The Peterborough factory has capacity for up to 500,000 engines a year, building the small 400 Series and compact 850 Series (which is derived from an FPT base engine), and the 4/6-cylinder 1100 and 1200 Series engines.
The new-generation Syncro range of 1.7- to 3.6-litre engines is waiting in the wings for compact machinery and potentially a tractor power revival with outputs up to 134hp.
Knight Farm Machinery uses a six-cylinder, 7.1-litre 1206F engine for the Vista 1800 and 2000 series sprayers – as does Mazzotti, the Italian manufacturer behind the Vicon iXdrive, for its three biggest models.
Several Kramer and Weidemann telehandlers and small loaders get Perkins power and the Cat-branded engines in Caterpillar telehandlers are built at the Peterborough facility.
Perkins remains a big engine maker worldwide, with factories in the USA, Brazil and China.
Pea pickers built by PMC Harvesters in Fakenham, Norfolk, use a 12.7-litre Scania DC13 with 438hp, while the new three-wheel spreading “floater” from parent company Ploeger has the 9.3-litre DC09 with 400hp.
The bigger Scania motor also gets an outing in 500hp form in the DeWulf Kwatro four-row potato harvester.
The maker of Same, Deutz-Fahr and Lamborghini tractors returned to latest-emissions engine manufacture with the 2.9-litre and 3.9-litre FARMotion design built at its Indian plant.
This is installed in Deutz-Fahr 4E, 5D and 5G tractors, and equivalent Same models, and in the Claas Atos 200 and 300 supplied by SDF.
The Indian manufacturer of tractors up to 90hp carrying the Solis brand in Europe are powered by in-house engines assembled at the tractor plant.
This is the engines manufacturing unit of Tractors and Farm Equipment, maker of TAFE tractors in India, including the 36-60hp models sold in the UK.
Mastenbroek drainage trenchers and tracked backfilling vehicles are among the machines powered by Volvo Penta 5-litre, 8-litre and 13-litre diesels with outputs up to 400hp from the Swedish truck, bus and construction machinery maker’s engines unit.
A 13-litre unit developing 469hp also nestles under the hood of the AVR Puma 3 potato harvester; the same unit is used by Agrifac in its Holmer Exxact sugar beet harvesters with outputs of 469hp and 612hp.
Four-cylinder Volvo Penta engines power the Kverneland Siloking feed mixers.
The company’s Biwa plant in Japan specialises in compact three- and four-cylinder diesels up to 100hp.

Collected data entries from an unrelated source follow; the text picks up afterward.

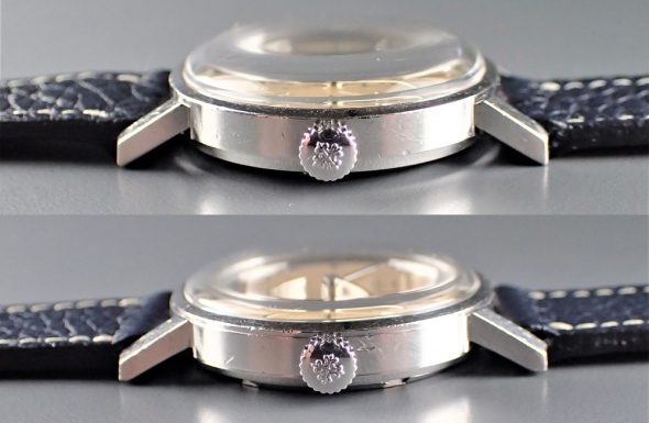 また、初期物と後期物の違いはケースにも見られます。それはケースサイドを見ると分かるのですが、初期の概ね1960年までは、ケースサイドは何も意匠はありませんが、後期の物には細いラインが入ります。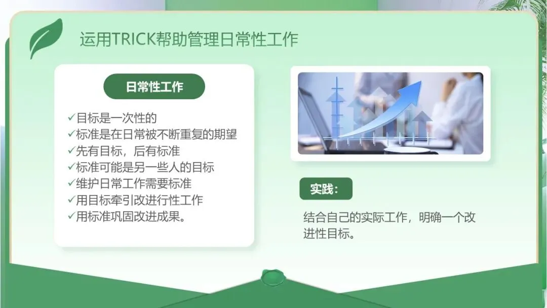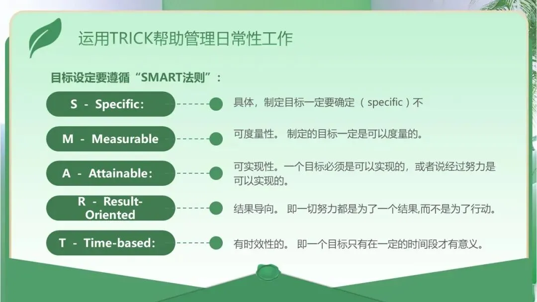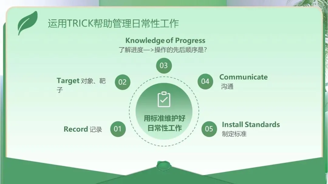 日常管理中,可借助工具提升效率:日常性工作用TRICK工具(记录、标准、对象、进度、沟通)维护,确保流程规范;改进性工作用SMART法则设定目标,以结果为导向,明确时间节点和考核标准。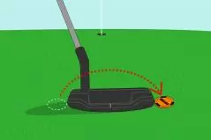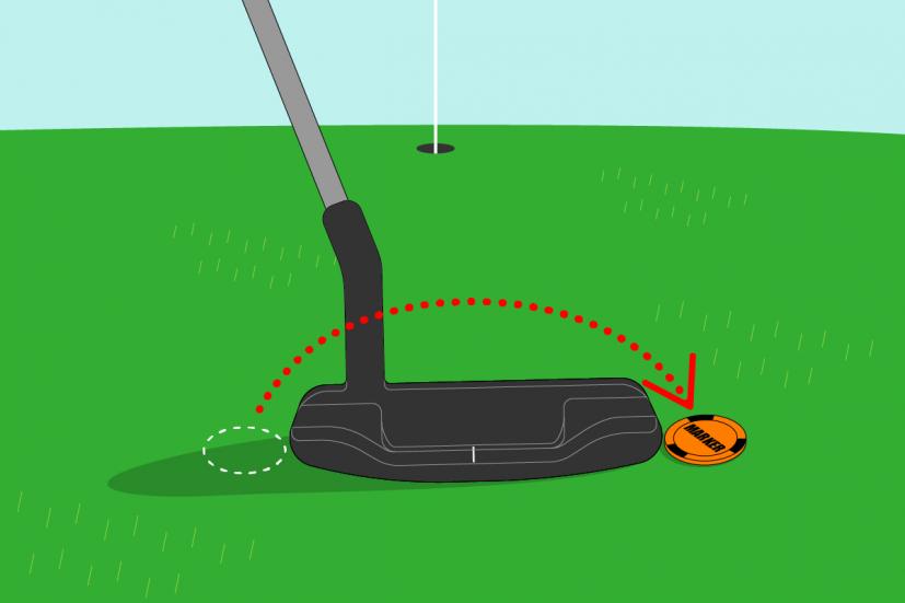 (2)目印方向にパターヘッドを合わせて、ヘッド1個分ボールマーカーをずらす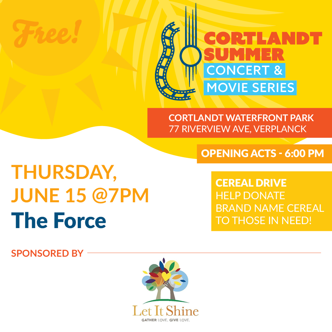 Ready to rock? The Town of Cortlandt is pleased to announce the start of the 2023 Summer Concert and Movie Series. Join us on Thursday, June 15 as we kick off the free, live outdoor concerts with The Force starting at 7:00PM at Cortlandt Waterfront Park (77 Riverview Ave, Verplanck). Also, the Town will have a cereal drive for our local neighborhood food pantry, Let It Shine in Verplanck! To contribute to this wonderful community organization, please bring a box of cereal!

In 2015 it reached the five million units milestone, 20 years after opening.
Applications for the TNV Series include one or two small telehandlers in the Dieci, Faresin, Kramer and Wiedemann ranges, all bar one of the Italian MultiOne loaders and telescopics, and Landini and McCormick compact tractors, as well as Yanmar’s own.
Despite low production volumes of about 3,200 tractors a year, Zetor continues to make its own 4.15-litre, four-cylinder engines for the 78-147hp Proxima and Forterra models, and for some OEM sales.